Return the full listing unchanged, excluding any images it contains.

════════

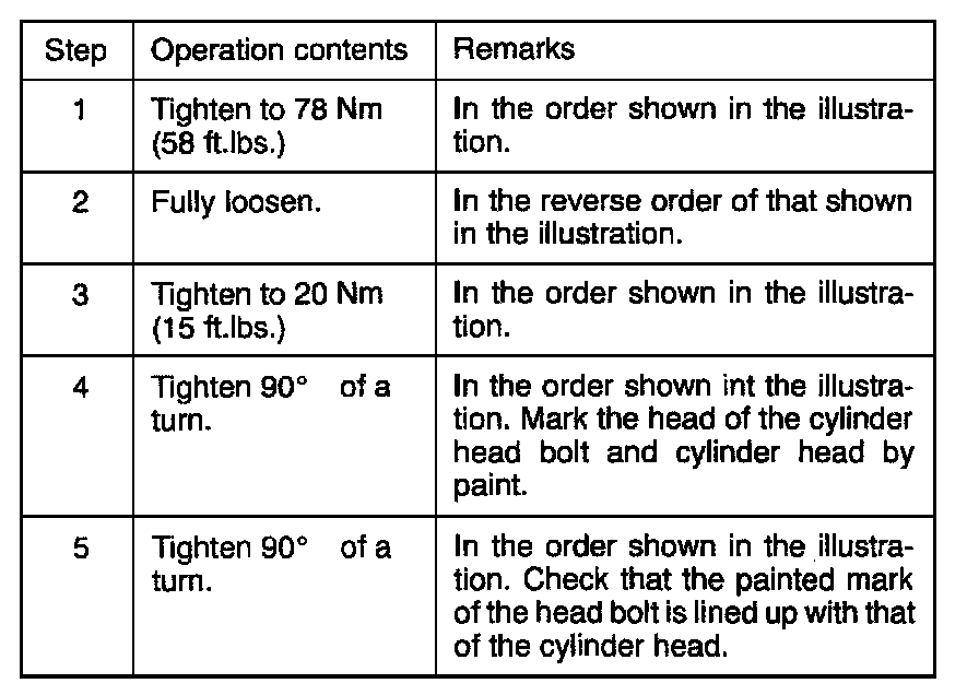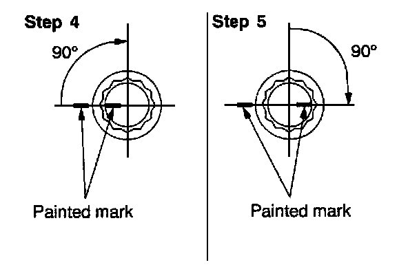 4. Always torque to exactly 90° where instructed, if you torque less than 90° the bolt will loosen. If you exceed 90° remove the bolt and begin the entire procedure again from step 2.
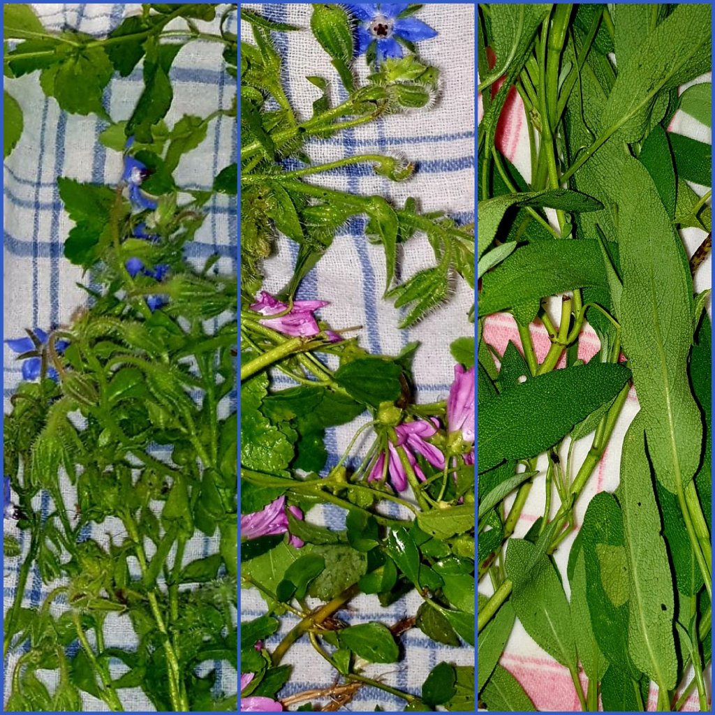 Borretsch, Malven, Verbenenkraut, SalbeiVom Ofen ins Glas: Brennnesselsamen, Hopfen, Salbei, Johanniskraut. Im Kräuterschrank muss ich bald anbauen.
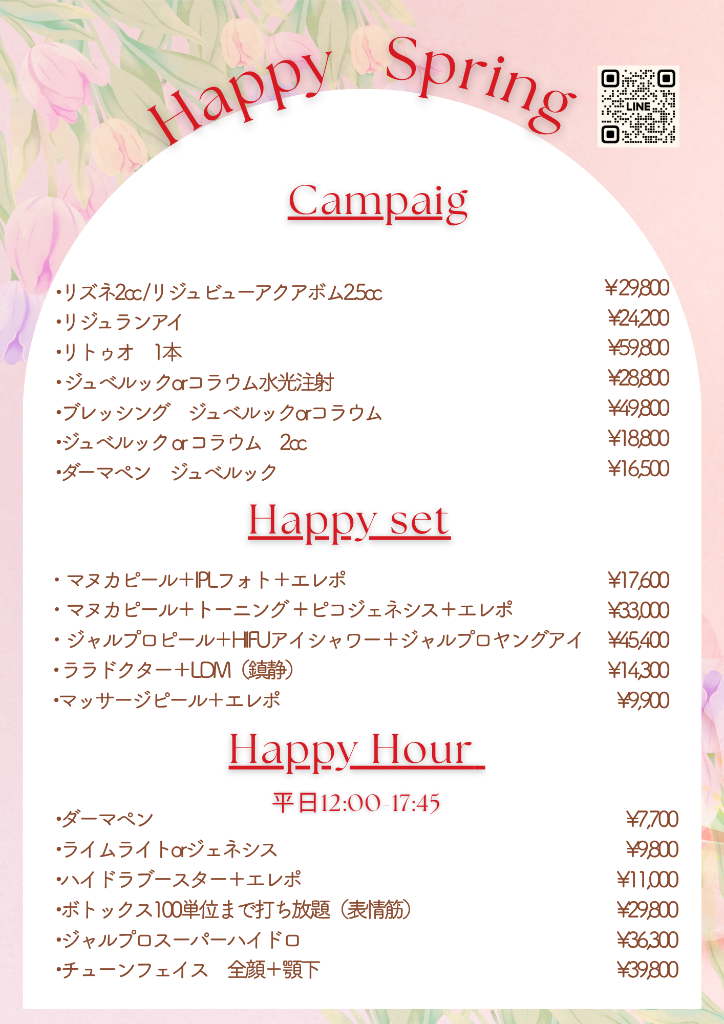 大人気の施術は早めにご予約が埋まりますので、お早めにどうぞ!
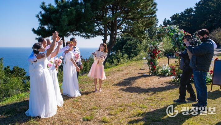 광장일보 주재영 기자 | 거제시는 지난 15일, 동백 원시림의 아름다움으로 유명한 지심도에서 ‘2025년 자연과 함께하는 웨딩·휴양섬’의 세 번째 프로그램으로 황혼 부부 3쌍을 초청해 감동적인 리마인드 웨딩과 기념 촬영 행사를 성공적으로 개최했다.
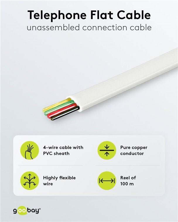 Wentronic Goobay Telefonflachkabel 100 m Rolle,AWG 28,CCA (kupferkaschiertes Aluminium), Weiß (93305)
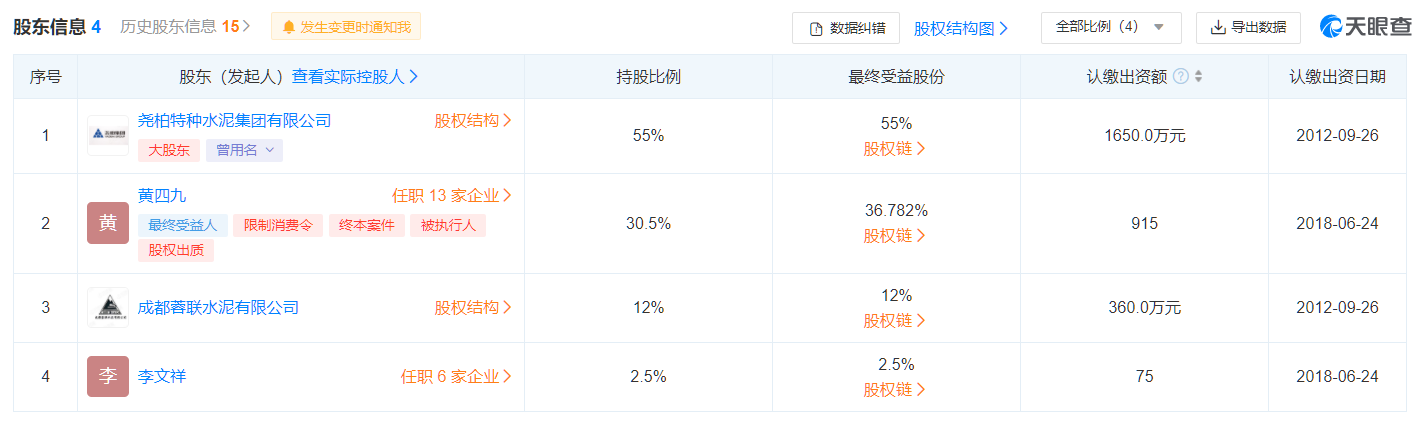 成都蓉联水泥有限公司为何能影响康定跑马山水泥有限责任公司的股权出售呢?从企业股权结构可见,康定跑马山水泥有限责任公司由尧柏特种水泥持股55%,黄四九持股30.5%,成都蓉联水泥有限公司持股12%,李文祥持股2.5%。
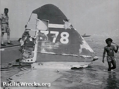 G4M1 Betty 2271 tail wreckage with F-378 painted in white at the edge of Panaeati Island (Panniet) bordering Deboyne Lagoon
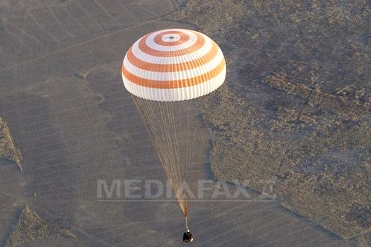 Ei au aterizat într-o capsulă Soyuz suspendată de o paraşută albă mare în regiunea Djezkazgan, în stepele Kazahstanului, pe o vreme favorabilă dar rece, potrivit imaginilor difuzate de televiziunea rusă.
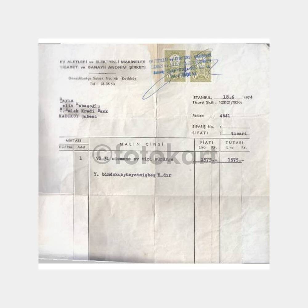 1974 Kadıköy Ev Aletleri Süpürge Faturası
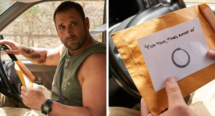 In tonight’s must-see installment, a besieged Robbo (Jake Ryan) spots an envelope under the visor in his car.
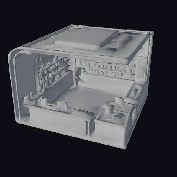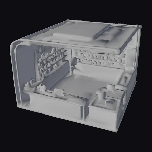 In a dynamic, isometric view, the neon cyberpunk asset shop unfolds with a rectangular open layout, showcasing a mesmerizing interior. The walls and floor are adorned with a rich, dark gray tone, while neon pink and blue accents dance across the surfaces, casting a futuristic glow. Holographic panels on the walls display an array of colorful, pixelated images, adding to the shop’s high-tech ambiance. The ceiling features a recessed, square panel with a pink and blue design, surrounded by a metallic border. The overall effect is one of sleek, cutting-edge style, perfect for projects requiring a cyberpunk aesthetic. Ideal for use in games, 3D printing, VR/AR experiences, animation, and design projects, this model brings a unique, futuristic environment to life.
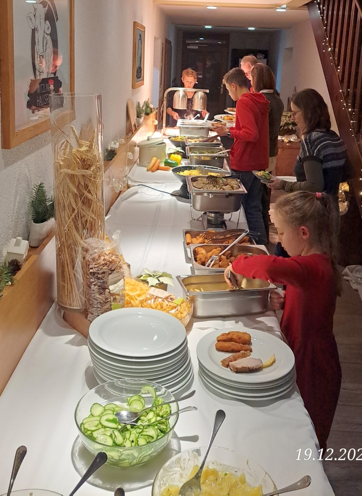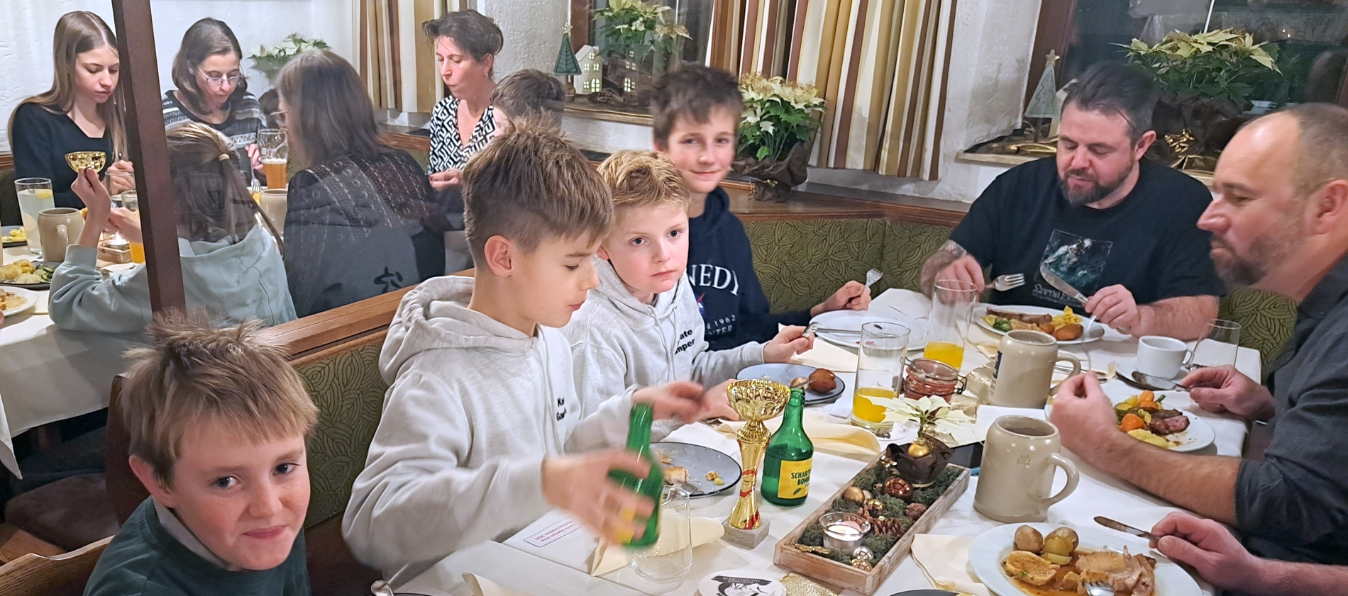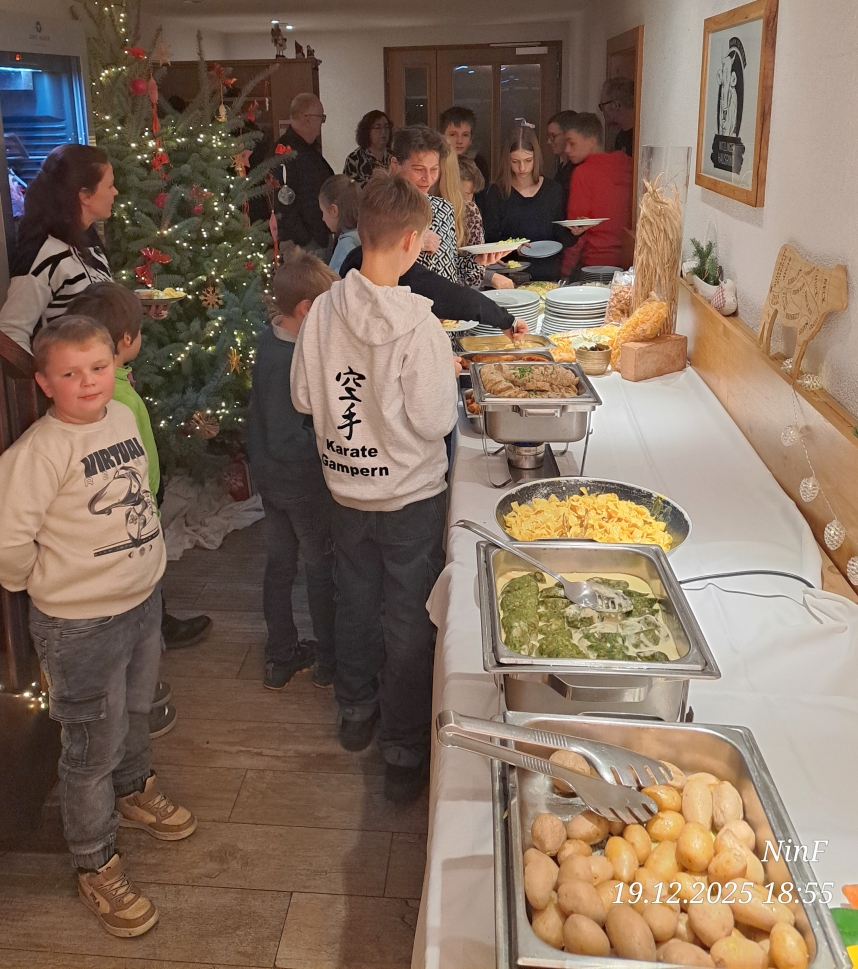 Alle, die nicht krank waren oder andere Verpflichtungen hatten, kamen zu unserer Karate Gampern Weihnachtsfeier ins Gasthaus Lachinger in Witzling. Schlussendlich blieben dennoch viele bis zum Ende. Nach den besinnlichen Teil erfolgte dann die Ansprache und dann die mit Spannung erwarteten Ehrung der Vereinsmeister. Danach wurde das vom Hausherrn hervorragend gestaltete Büffet eröffnet.

════════

> [Solution to this exercise]
 4. Always torque to exactly 90° where instructed, if you torque less than 90° the bolt will loosen. If you exceed 90° remove the bolt and begin the entire procedure again from step 2.
 Borretsch, Malven, Verbenenkraut, SalbeiVom Ofen ins Glas: Brennnesselsamen, Hopfen, Salbei, Johanniskraut. Im Kräuterschrank muss ich bald anbauen.
 大人気の施術は早めにご予約が埋まりますので、お早めにどうぞ!
 광장일보 주재영 기자 | 거제시는 지난 15일, 동백 원시림의 아름다움으로 유명한 지심도에서 ‘2025년 자연과 함께하는 웨딩·휴양섬’의 세 번째 프로그램으로 황혼 부부 3쌍을 초청해 감동적인 리마인드 웨딩과 기념 촬영 행사를 성공적으로 개최했다.
 Wentronic Goobay Telefonflachkabel 100 m Rolle,AWG 28,CCA (kupferkaschiertes Aluminium), Weiß (93305)
 成都蓉联水泥有限公司为何能影响康定跑马山水泥有限责任公司的股权出售呢?从企业股权结构可见,康定跑马山水泥有限责任公司由尧柏特种水泥持股55%,黄四九持股30.5%,成都蓉联水泥有限公司持股12%,李文祥持股2.5%。
 G4M1 Betty 2271 tail wreckage with F-378 painted in white at the edge of Panaeati Island (Panniet) bordering Deboyne Lagoon
 Ei au aterizat într-o capsulă Soyuz suspendată de o paraşută albă mare în regiunea Djezkazgan, în stepele Kazahstanului, pe o vreme favorabilă dar rece, potrivit imaginilor difuzate de televiziunea rusă.
 1974 Kadıköy Ev Aletleri Süpürge Faturası
 In tonight’s must-see installment, a besieged Robbo (Jake Ryan) spots an envelope under the visor in his car.
 In a dynamic, isometric view, the neon cyberpunk asset shop unfolds with a rectangular open layout, showcasing a mesmerizing interior. The walls and floor are adorned with a rich, dark gray tone, while neon pink and blue accents dance across the surfaces, casting a futuristic glow. Holographic panels on the walls display an array of colorful, pixelated images, adding to the shop’s high-tech ambiance. The ceiling features a recessed, square panel with a pink and blue design, surrounded by a metallic border. The overall effect is one of sleek, cutting-edge style, perfect for projects requiring a cyberpunk aesthetic. Ideal for use in games, 3D printing, VR/AR experiences, animation, and design projects, this model brings a unique, futuristic environment to life.
 Alle, die nicht krank waren oder andere Verpflichtungen hatten, kamen zu unserer Karate Gampern Weihnachtsfeier ins Gasthaus Lachinger in Witzling. Schlussendlich blieben dennoch viele bis zum Ende. Nach den besinnlichen Teil erfolgte dann die Ansprache und dann die mit Spannung erwarteten Ehrung der Vereinsmeister. Danach wurde das vom Hausherrn hervorragend gestaltete Büffet eröffnet.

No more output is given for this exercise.